In New York City alone, estimates of the numbers of units at risk ranges from 60,000 to 90,000. Additionally, a Deutsche Bank study of multifamily mortgage performance indicates that Tennessee, Georgia, Florida, Michigan, Nevada, Texas, Illinois, Ohio, Indiana, Connecticut, Oklahoma, New York, Kentucky, Missouri and Mississippi are currently the hardest hit states. Housing advocates have also identified overleveraged properties in California and Massachusetts.
Schumer's amendment, which is already included in the House-passed version of financial regulatory reform legislative package and is now being considered in the Senate, directs the Secretary of the Treasury, in consultation with the Secretary of HUD, and other government officials, to develop a program to stabilize multifamily apartment buildings at risk of default, disinvestment and foreclosure.
In December 2008, Schumer, a member of the Senate Committee on Banking, Housing and Urban Affairs, called on the Securities and Exchange Commission to investigate whether the loans were based on false or misleading financial assumptions before being sold to investors as securities. He also asked state and federal regulators to issue lending guidelines intended to ensure that certain apartment complexes remain affordable for low- and middle-income people. Last August, 2009 leadership at HUD and Treasury conducted a stakeholders meeting to highlight the issue of overleveraged multifamily properties at Schumer's request.
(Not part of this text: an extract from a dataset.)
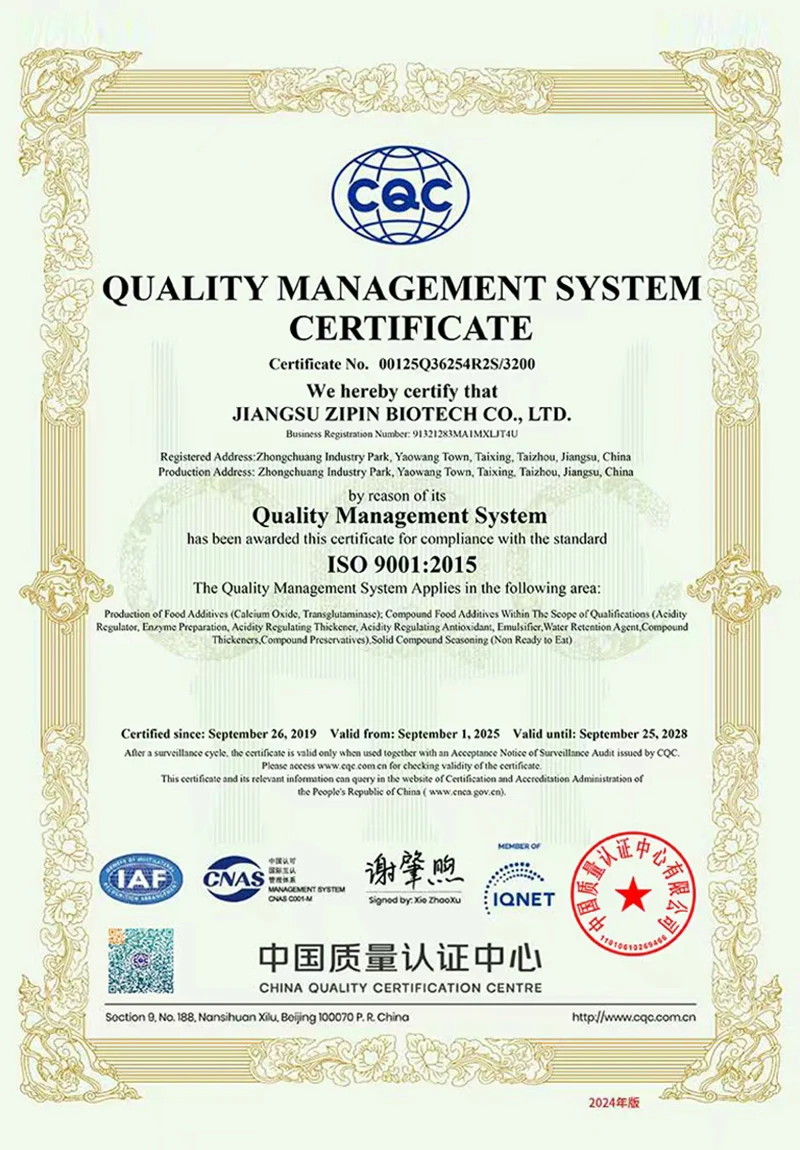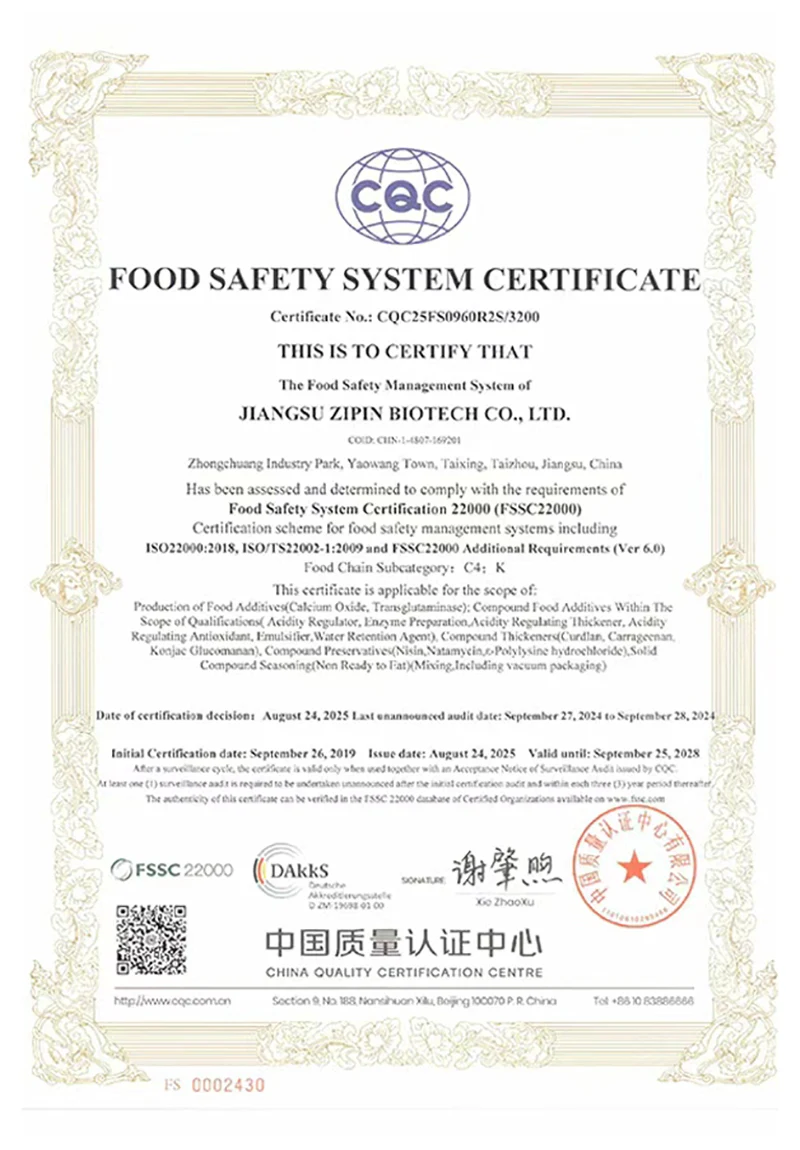 জিয়াংসু জিপিন বায়োটেক কোং, লিমিটেড 20,000㎡ এলাকা জুড়ে 2016 সালে প্রতিষ্ঠিত হয়েছিল। একটি আধুনিক প্রাইভেট এন্টারপ্রাইজ হিসাবে, আমরা এখন প্রধানত গবেষণা ও উন্নয়ন, খাদ্য সংযোজক উত্পাদন এবং বিক্রয়ে নিযুক্ত। আমাদের প্রধান পণ্য হয়ট্রান্সগ্লুটামিনেজ, কার্ডলান, ε-পলিসাইন, নিসিন, নাটামাইসিন এবং অন্যান্য খাদ্য সংযোজন।

"The entire predatory equity enterprise is a house of cards built on foundation of fantasy and greed," said Schumer, who noted that, "The whole thing collapses when there is any depreciation -- or even leveling -- in the property's value, which is the reality we now face. It is a dangerous trend that is damaging both the quantity and quality of our stock of affordable housing, and we must take aggressive action to stomp it out."